Au sein des structures de base et au sommet du RPM, on a des mots très durs envers le Président Ibrahim Boubacar Keïta devenu « le persécuteur du parti qui l’a porté au pouvoir.» La montée de l’adrénaline était perceptible à la dernière réunion du Bureau politique national. Le crédit accordé à IBK a laissé place à la colère sourde. D’ailleurs, de plus en plus, les réunions des structures du parti s’apparentent à un tribunal où sont scrutés à la loupe ses faits et gestes jugés en conséquence. Le feu couvait depuis des années déjà. A la faveur de la crise politique en cours, les langues se sont vite déliées. Le mini attelage gouvernemental chapeauté par Dr Boubou Cissé a semblé la goûte d’eau de trop. Superbement ignoré, le RPM y a brillé par son absence. Créant un émoi aussi bien dans l’instance dirigeante que les structures de base qui ont déversé des hectolitres de salive. Ainsi, le Bureau politique national réuni le 30 juillet dernier a décidé d’afficher sa plus stricte neutralité dans la gestion des affaires du pays sous le régime d’IBK. En fait, le diagnostic établi par les opposants n’a fait l’objet d’aucune contestation. Mais la fracture est née du traitement de la crise politique. Les faucons ont souhaité inviter la jeunesse du parti à rejoindre le front anti-IBK dans l’objectif in fine d’obtenir le départ et du président de la République et de son Premier ministre dont l’image a été davantage écornée par la répression sauvage de la manifestation du10 juillet dernier sodée par la mort de quatorze personnes et des dizaines de blessés. Une histoire d’arroseur arrosé.
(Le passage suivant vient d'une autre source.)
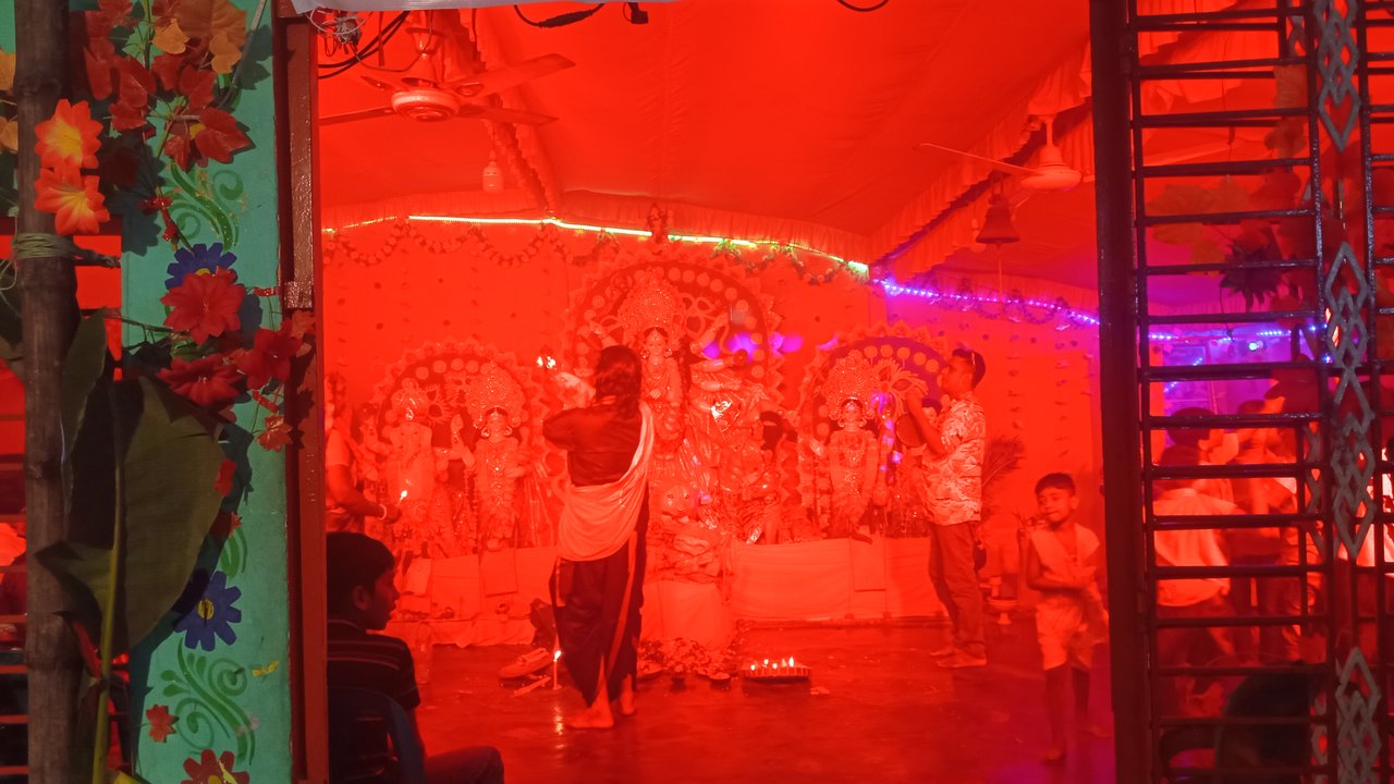 We had a special plan for today's puja; we would go for a walk with my friend's family. After the evening, we all got ready to go to Dhaka by train. But unfortunately, due to the busyness of my friend's shop, he couldn't go on time. So, I went out alone with my daughter today. Because my daughter is ready to go, she will be upset if I don't take her, so father and daughter went to see the puja. Today, I first went to the Nayamati temple adjacent to Pagla School; this temple is near our house. We walked to the temple. Here too, the puja has been beautifully arranged. We went to the mandap at a time when Thakur Mahasaya was performing aarti there. After a while, we went to another temple. After going there, I saw a man I knew. I had planned to visit a faraway place for worship today, but I had to go, so I saw our Elakar Puja Mandapas.

« Ce ne serait que justice »
Les coups d’épingle à répétition du président de la République ont froissé, chagriné son parti qui a été contrarié dans son choix de porter Magassouba au perchoir. Faisant fi de l’équilibre des pouvoirs, IBK a réussi en un tour de passe –passe à faire élire un de ses hommes de main, Moussa Timbiné, à la tête de l’Assemblée nationale. Aussi, les plaies béantes ouvertes à la suite de son accession au pouvoir en 2013 ont du mal à se cicatriser. Le Président de la République a fait poireauter sa formation politique pendant six mois avant de daigner l’accordée une audience. Un acte assimilé à un manque de considération à l’endroit des femmes et des hommes qui n’ont ménagé ni leur temps ni leurs moyens matériels et financiers pour concrétiser son rêve. Son de cloche différent côté IBK, sa victoire électorale tenait plutôt à son halo personnel. Ensuite, IBK a lancé quelques pics. Nombreux cadres qui lorgnaient des postes juteux à la mesure du sacrifice consenti se sont vus infligé une fin de non recevoir. IBK les a renvoyés à des études universitaires. Des années après, d’aucuns continuent de ruminer leur colère. Et ne se privent pas de lui dépeindre sous les traits d’un leader qui a « trahi son parti. »
En somme, le parti au pouvoir est vent débout contre le maintien de l’actuel Premier ministre à la tête du futur gouvernement d’union nationale et étale au grand jour son ambition de prendre les commandes de la Primature. « Ce ne serait que justice. Qui mieux que nous pourrait dérouler le projet de société du président de la République ? Nous l’avons ficelé, donc suffisamment imprégné de son contenu pour le mettre en œuvre. Nous disposons de cadres compétents pour ce faire. »
Abdoulaye Idrissa Maïga, reste le seul cadre RPM à occuper ce fauteuil très convoité.